Не знаю, что потрясло меня сильнее — то, что он обращался ко мне прямо или что поделился своими замыслами. Он решил, что я ему помогу? Или посчитал, что я не в силах ему воспротивиться? В любом случае я вполне мог доказать ему, что он ошибается. Но сейчас он источал ощущение благополучия, что странно противоречило сквозившему из-под него жгучему голоду. Он глубоко вдохнул.

— Ликари! Просыпайся. У меня есть для тебя поручение.

Спустя какую-то пару мгновений малыш появился в дверном проеме. Сонно протирая глаза, он огляделся по сторонам в поисках мальчика-солдата.

— На сегодня два дела. Собери дров, чтобы хватило на три ночи. Нет, на четыре. Когда мы вернемся, нам не захочется заниматься этим перед сном. А когда закончишь с дровами, ищи еду. Все, что сможешь собрать съедобного для человека: рыбу, мясо, коренья, ягоды, зелень, орехи, любые плоды. Если ты найдешь что-то и будешь уверен, что это можно съесть, — собирай и тащи в дом.

— Да, великий, — мальчик едва успел договорить перед тем, как широко зевнуть.

Он смутился, снова протер глаза и, не говоря больше ни слова, деловито потрусил по заросшей тропке.

Там, где есть вода, почти всегда отыщется и пища. Возможно, не самая приятная на вкус, но есть ее можно. Вот мальчик-солдат и ел. Он нашел траву с толстыми луковицами у корней и принялся вырывать и поглощать их дюжинами. Меня замутило от запаха раньше, чем его, или он просто перестал обращать внимание на вкус. Сейчас его интересовало количество пищи, а не ее качество. Он прошел вверх по течению и обнаружил потрепанные желтоватые листья кувшинки, гниющие на поверхности маленького прудика. Их облепили улитки, которых он собрал и съел, разжевав вместе с панцирями. Если бы желудок все еще принадлежал мне, меня бы уже давно вывернуло наизнанку, но для него моя тошнота не имела ни малейшего значения.

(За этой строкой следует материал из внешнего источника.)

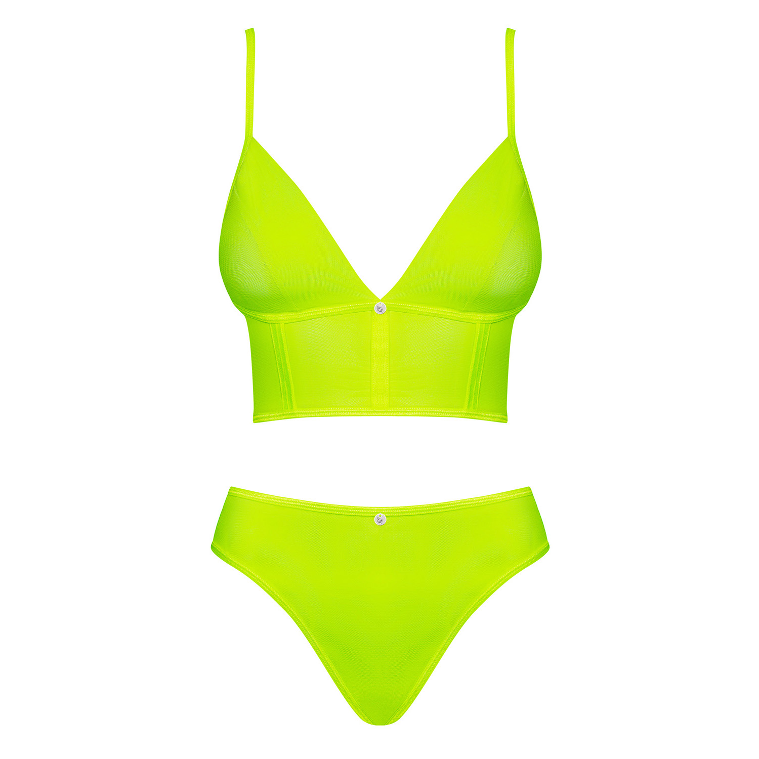 Um conjunto sexy que a deixará num estado de espírito romântico? Escolha o fantástico look do conjunto incrivelmente sexy Neonia! Pronta para realçar a 100% o seu charme feminino? Será assim quando vestir amarelo néon - irá radiar feminidade! De néon será uma gata selvagem.Detalhes excitantes:- conjunto inclui top e cueca- conjunto néon tentador- intrigante forma triangular das copas - peito sensualmente realçado- fecho éclair nas costas - look sexy- cuecas de corte clássico subtis- alças ajustáveis- decorações brilhantes entre os seios e nas cuecas- material agradável ao toque e flexível (90% poliamida, 10% elastano)

Выше по склону в кружевной тени росли кусты шиповника, усыпанные желтыми и красными плодами. Они, по крайней мере, были сладкими и ароматными. Некоторые были с фалангу моего большого пальца, с толстым слоем сочной мякоти над ворсистыми семенами внутри. Я бы съел только мякоть, но он запихивал их в рот горстями и тщательно разжевывал, прежде чем проглотить. Собрав все плоды, он двинулся дальше.

Так прошло утро. Он знал, что в лесу съедобно, и двигался по нему, точно пасущееся животное. К полудню я уже удивлялся, почему человек перестал быть охотником и собирателем и начал возделывать землю. Без какого бы то ни было предварительного вложения труда здесь царило изобилие. Лишь когда ему надоели плоды, коренья и зелень, мальчик-солдат вернулся на берег ручья. Он вдосталь напился холодной, свежей воды, а затем рассудительно отобрал пригоршню подходящих камней.

Следующую пару часов он охотился с пращой. Он подбил белку, а затем двух кроликов. Еще он наткнулся на дерево с ульем. Из-за холодной погоды пчелы летали гораздо медленнее, но все равно быстро всполошились, когда он запустил камнем в дуплистый ствол. Он мысленно отметил место, собираясь вернуться сюда после заморозков, которые ослабят для него рой.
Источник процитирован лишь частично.